On Thu, Nov 18, 2004 at 08:01:51AM -0500, Art Alexion wrote:




Meanwhile, temporary mounting for copying between distros is not working right. If I mount Ubuntu's root directory in Red Hat using a simple

  mount /dev/hdb2 /mnt/ubuntu

I can read/write as user to my home directory in /mnt/ubuntu/home/arthur. But a corollary command in Ubuntu

  mount /dev/hdb1 /mnt/rh_homes

will not permit a regular user to even view /mnt/rh_homes/arthur.

Does this have anything to do with the fact that there is no root user/password in Ubuntu -- instead uses sudo with regular user's password?

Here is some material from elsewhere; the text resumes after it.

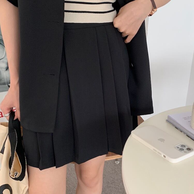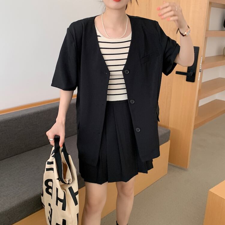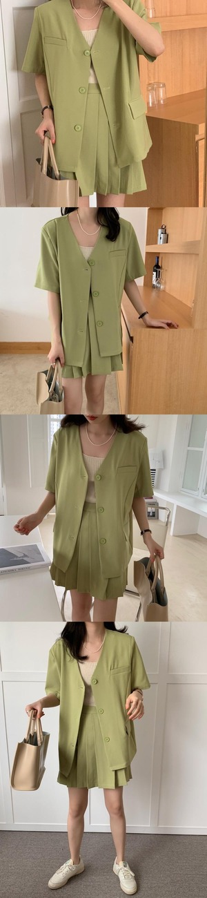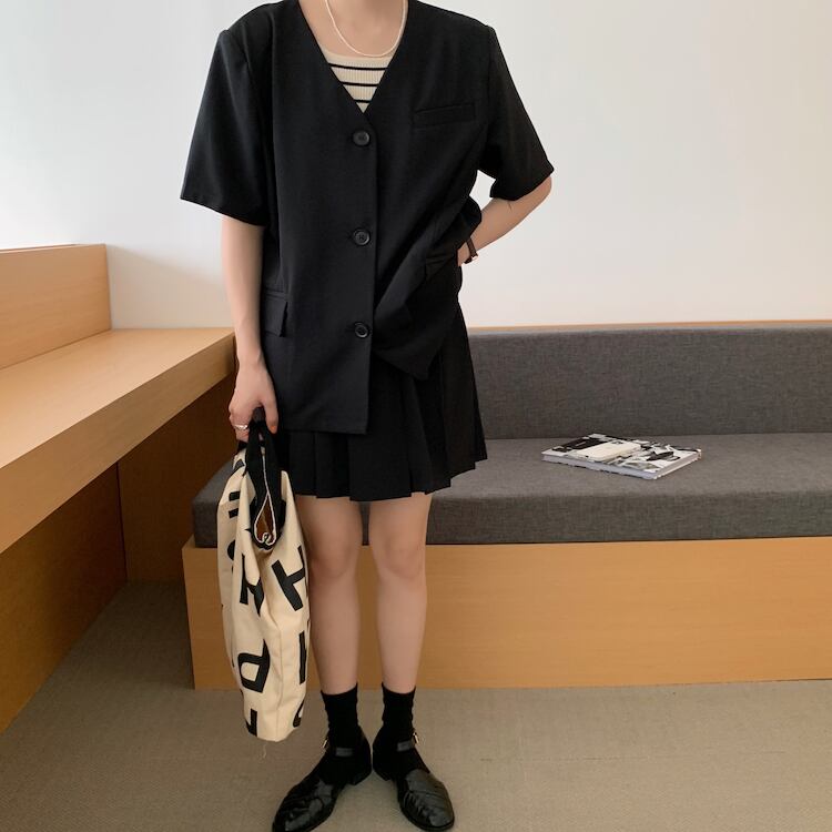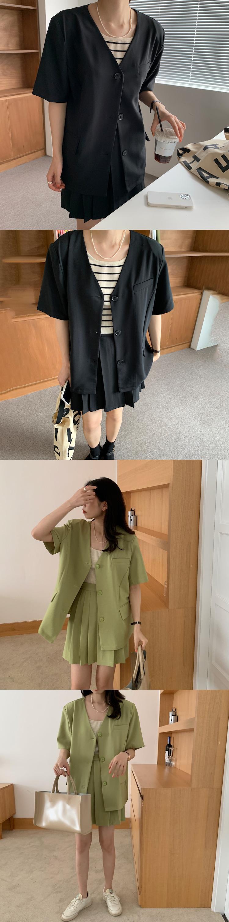 サマーハイウェストウェストスリムAラインプリーツスカート Vネックソリッド カラージャケット 夏物 ソリッドカラー クレセントシティ70939941180

I'm not sure about that because, until last week, I've never even *heard* of
a distro called "ubuntu" :-P


It's Debian-based.  Don't know how it varies from Debian Sarge.

I'd try: sudo mount /dev/hdb1 /mnt/rh_homes

Also you will have to match the user and group IDs.
If you are uid 501 in RedHat then you must be 501 in ubuntu.




tried editing /etc/fstab by adding the line

/dev/hdb1 /mnt/rh_homes ext3 rw,user 0 1


then: sudo mount /mnt/rh_homes

Still no access because, as you warned, I am UID 500 in Red Hat, and UID 1000 in Ubuntu. The inability to su or login as root has me freaked out, though. When I use the gui "Users & Groups" tool [prompts for password before launching], and change my UID to 500, I disappear from the Users list. A menu item lets me display all users, and there I am. But it makes me nervous.

I did it once before using Mandrake [which made me UID 501]. After changing to UID 500, I closed the gui, and from the command line issued the command

   # chown 500:users -R /home/arthur

Worked fine, but Ubuntu won't let me login as root, and I don't know if I can do anything as a regular user that temporarily has no home directory due to missing config files, etc. In other words, if I can't log in as arthur, I can't sudo.

The shell includes the regular su command, but it won't take my user password as sudo does, and the installation program did not let me pick a root password.

I really appreciate the help you are giving me.